American writer (born 1969)

Thomas J. Spaulding Jr. (August 31, 1969) is an American author and president of Tommy Spaulding Companies LLC. His book It's Not Just Who You Know was released on August 10, 2010. Spaulding is also the former CEO and President of, Up with People, and founded Leader's Challenge, a high school civics program in the state of Colorado.

== Early life and education ==
Thomas J. Spaulding Jr. was born in Suffern, New York and attended Suffern High School, graduating in 1987 as an Eagle Scout and senior class president. He completed a BA degree in Political Science at East Carolina University (ECU) in 1992. At ECU Tommy was named senior class president and was the head of 12 different organizations and was asked to speak at commencement. At graduation he received the Most Outstanding Leader award and in 2006 was awarded the Outstanding Alumni Award, the highest honor given to an East Carolina alumnus. Later he received an MBA from Bond University, where he was a Rotary Ambassadorial Scholar in 1998 and a MA in Non-Profit Management from Regis University in 2005 where he was a Colorado Trust Fellow.

==Early career and travels to Japan==
After graduating from East Carolina, Spaulding became the Business Partner Sales Manager at IBM/Lotus Development and a member of the Japan Exchange and Teaching (JET) program where he worked with the staff of the 1998 Winter Olympics in Nagano, Japan. Spaulding also served as a U.S. Congressional Intern and a member of Bob Dole’s 1996 presidential campaign. Soon after his work on the campaign, Spaulding was named the Director of Corporate Affiliates for Up with People.

== Founding major businesses ==
In 2000, Spaulding founded Leader's Challenge which grew to become the largest high school civics and leadership program in the state of Colorado before shutting down due to financial difficulties in 2009. Spaulding later co-founded the Center for Third Sector Excellence, a non-profit leadership organization that was the impetus behind the National Leadership Institute.

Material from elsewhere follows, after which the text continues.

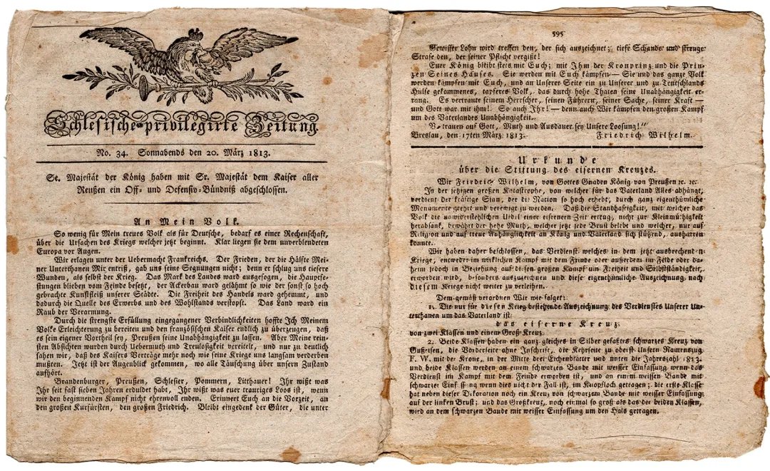 Frederick William officiated all of the documents alongside that creating the Iron Cross, drafted earlier on the 10th. It was the moment which his two months of sojourn in Breslau culminated in.

At this time he also founded Dialogue for Tomorrow, a conference promoting the teaching of global leadership in young adults throughout different countries.

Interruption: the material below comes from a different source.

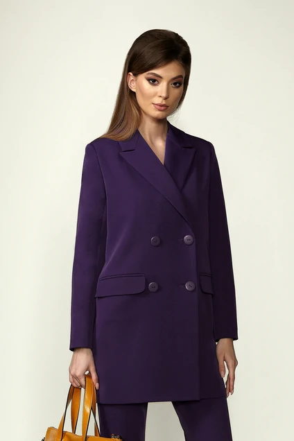 Элегантный жакет из костюмной ткани тёмно-сиреневого цвета добавит изысканности к вашему гардеробу. Модель прямого силуэта дополнена двубортной застежкой на две петли и пуговицы и одну потайную пуговицу, что создаёт безупречный образ. Воротник с отложными лацканами пиджачного типа подчеркивает строгость стиля. Прорезные карманы с клапанами на передней части придают жакету дополнительное удобство и функциональность. Спинка выполнена без швов, что гарантирует идеальную посадку и комфорт в носке. Этот жакет станет основой для создания как деловых, так и более расслабленных образов.

===CEO of Up With People===
Spaulding continued to be involved in leadership throughout the early 2000s. In 2003 he became a graduate of the Leadership Program of the Rockies, "America’s premier institute to develop, strengthen, train and equip emerging leaders to reach new heights" and in 2005 he graduated from Leadership Denver, which "brings together leaders to discuss and learn about the challenges facing the Denver Metro area and for the purpose of expanding their commitment to voluntary civic responsibility." In July, 2005 Spaulding was named CEO and President of the non-profit global leadership program, Up With People. He became the youngest CEO in the organization's 42-year history.

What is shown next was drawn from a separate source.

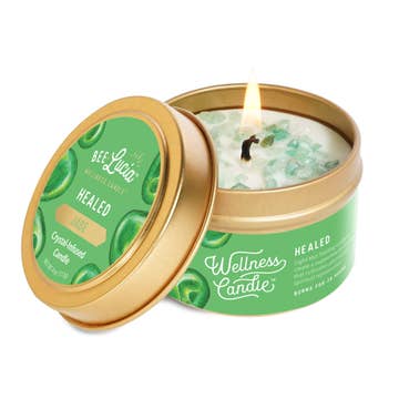 Light this healing Wellness Candle® to create an inspiring environment filled with warmth, joy and delight! The spicy combination of cinnamon, clove bud and lemongrass along with the comforting and life-giving energy of citrine creates a liberating and uplifting experience. The Wellness Candle® is a healing candle like no other! Each candle infusion is crafted around a specific intention and made using a hypoallergenic + clean burning blend of pure beeswax, organic coconut oil, therapeutic grade pure essential oils and natural crystals. Handcrafted in Portland, OR by 3 generations of women. Free of zinc, lead, soy, paraffin, artificial dyes, fragrances & GMO's. Burns for 20 hrs (Travel Tin) or 40 hrs (8oz Glass)

===Spaulding Companies and Spaulding Leadership Institute===
After stepping down as CEO and President of Up with People, Spaulding created Spaulding Companies, LLC, a for-profit company and Spaulding Leadership Institute, a non-profit organization. Both corporations are umbrella organizations with focus areas in consulting, speaking and books as well as leadership development programs, respectively. The consulting side of the business, whose guiding principle is "put people first and business will follow" has worked with countless corporations, universities, foundations and non-profits and works to develop "a leadership and service vision for their organization." As a speaker, Tommy Spaulding has spoken to hundreds of organizations, schools, and corporations on four continents and was called "one of the most inspirational and talented speakers in the country" by Ken Blanchard, author of more than 30 leadership books including The One Minute Manager.
Spaulding Leadership Institute runs two youth leadership programs, The National Leadership Institute, and Kid's Challenge.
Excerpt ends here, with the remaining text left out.